▶ **Problem**
Restate the lines of the material below word for word, from the first through the one containing "ミディアムカールヘアー。ウェ", and include nothing else; pictures stay out.

▶ **Material supplied**

---+---

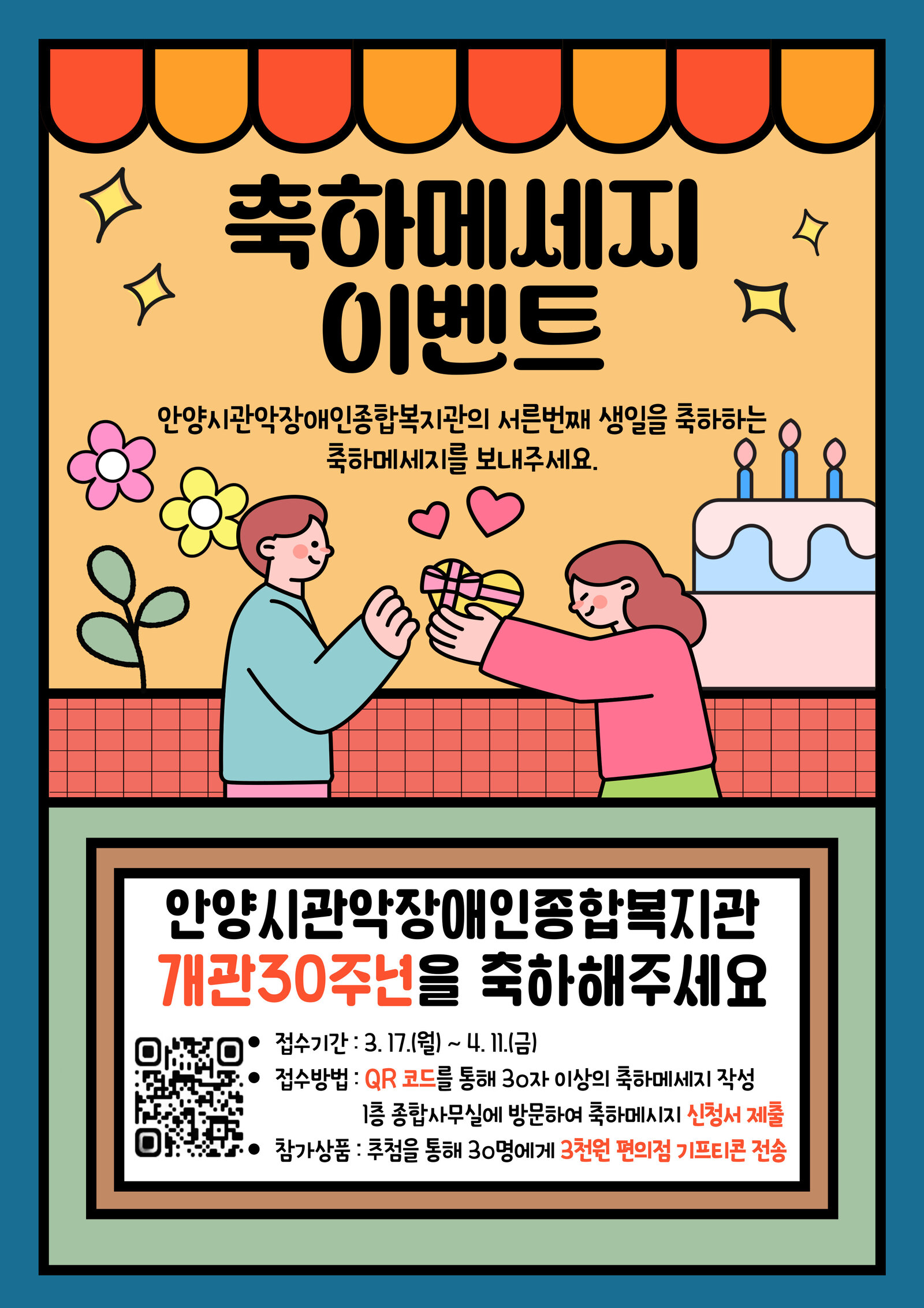 안양시관악장애인종합복지관 개관 30주년을 맞이하여 축하메세지 이벤트를 진행합니다.
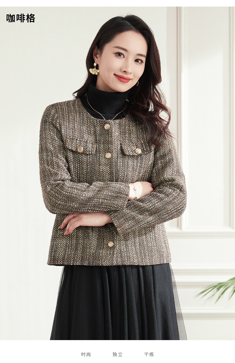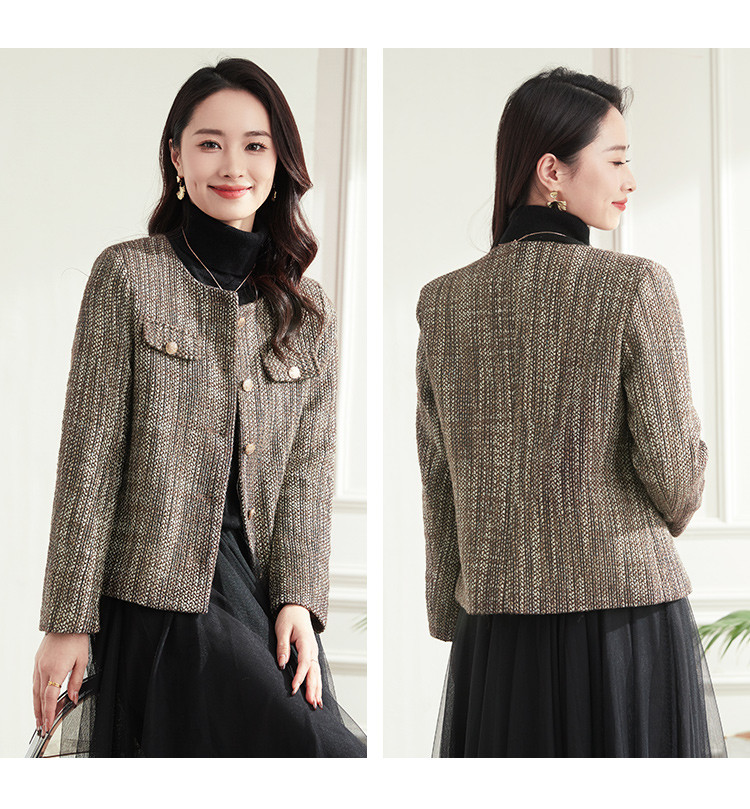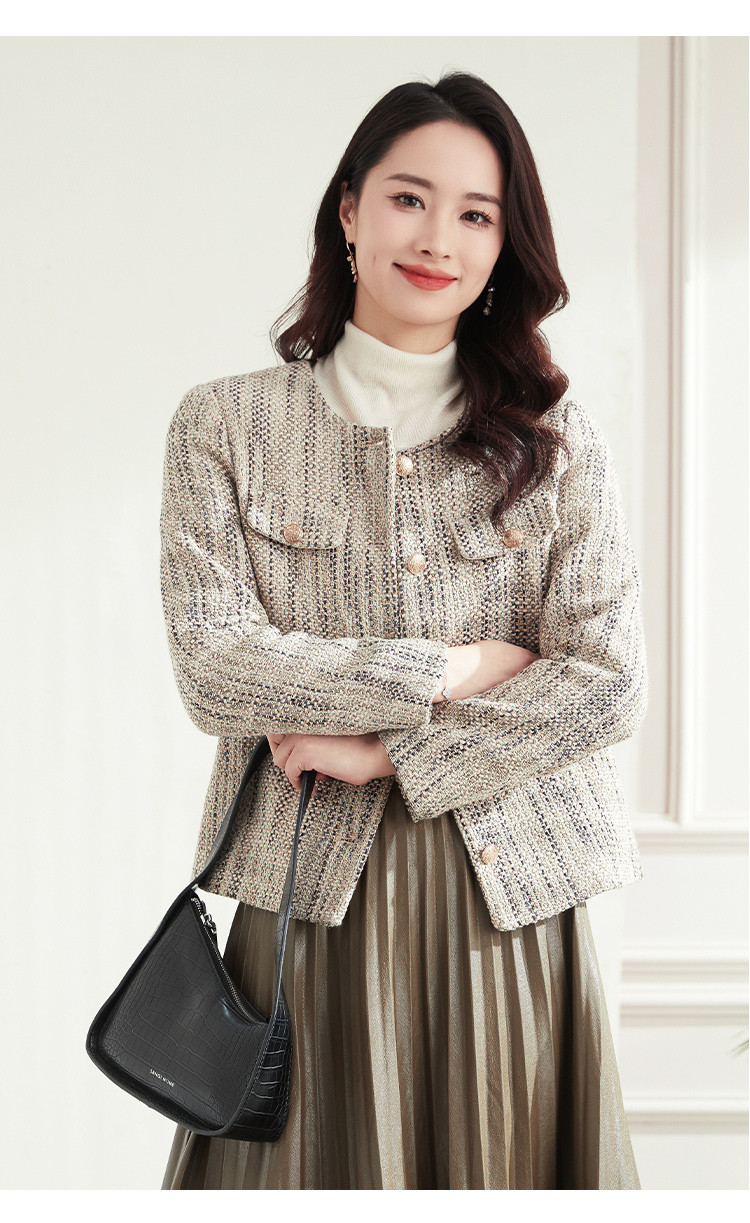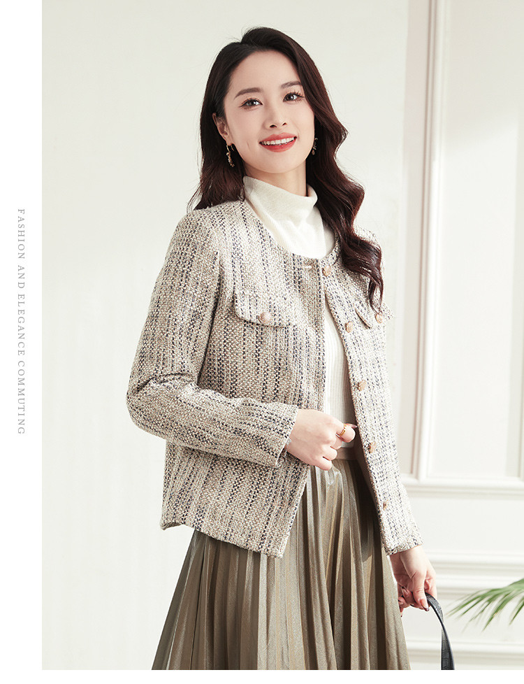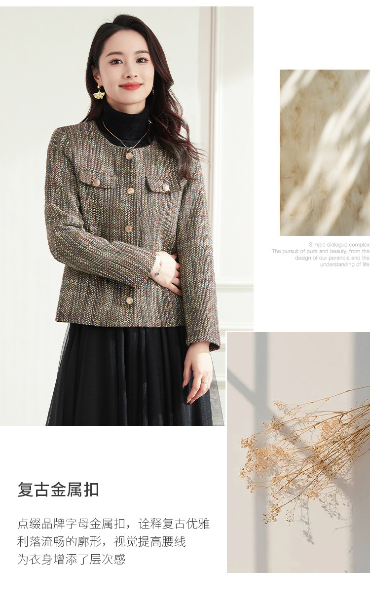 【小香风】罗蒙女士西服棉混纺优雅复古简约百搭时尚有型格子外套女
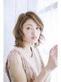 ミディアムカールヘアー。ウェット感のある毛束が、髪の動きを感じさせるウェットカールスタイル。
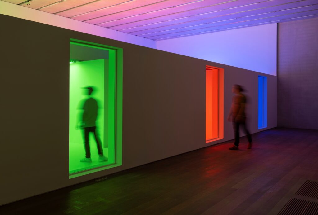 Each room is fully saturated in bright colorful light. The first room is green, the second red, and the final room is blue. Each room has two six-foot openings positioned at opposite corners as visitors progress from the green room through the red and into the blue. In the areas where two hues meet, secondary colors and gradients are visible as the two primary hues reflect their mixtures of light and intensity. White cubes are suspended above visitors’ heads at the threshold of the different chambers, bathing them in this reflected color. The suspended cubes heighten this experience; their surfaces bathed in reflected color that showcases the vibrancy of an environment entirely free of form and meaning.
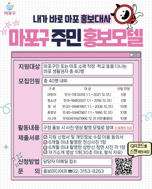 마포구는 1차 서류심사와 2차 전문가 심사를 거쳐 10월 말 최종 홍보모델을 선정하고, 11월 위촉식을 진행할 예정이다.
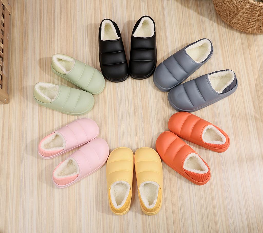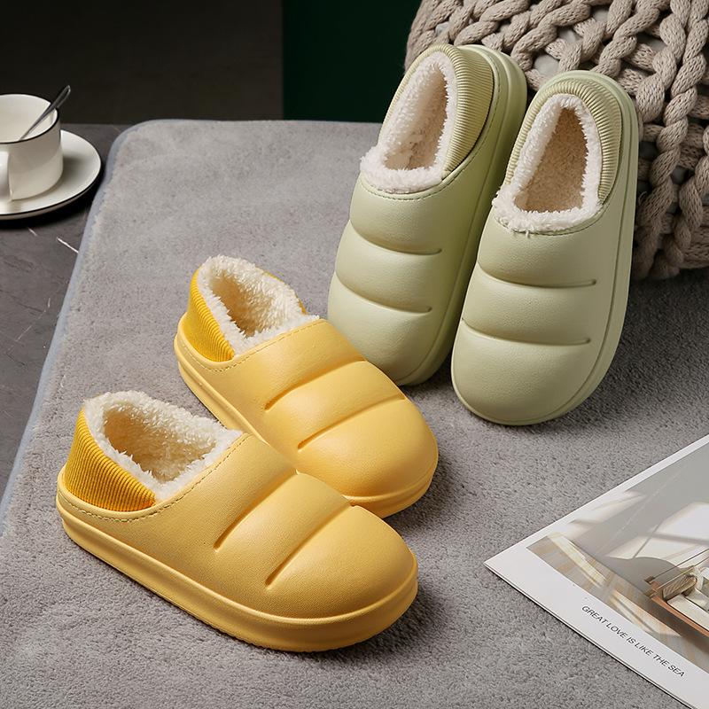 Зимние женские хлопковые тапочки, непромокаемая теплая плюшевая обувь, модная домашняя обувь на толстой подошве, нескользящие однотонные парные тапочки

---+---

▶ **Response box**
 안양시관악장애인종합복지관 개관 30주년을 맞이하여 축하메세지 이벤트를 진행합니다.
 【小香风】罗蒙女士西服棉混纺优雅复古简约百搭时尚有型格子外套女
 ミディアムカールヘアー。ウェット感のある毛束が、髪の動きを感じさせるウェットカールスタイル。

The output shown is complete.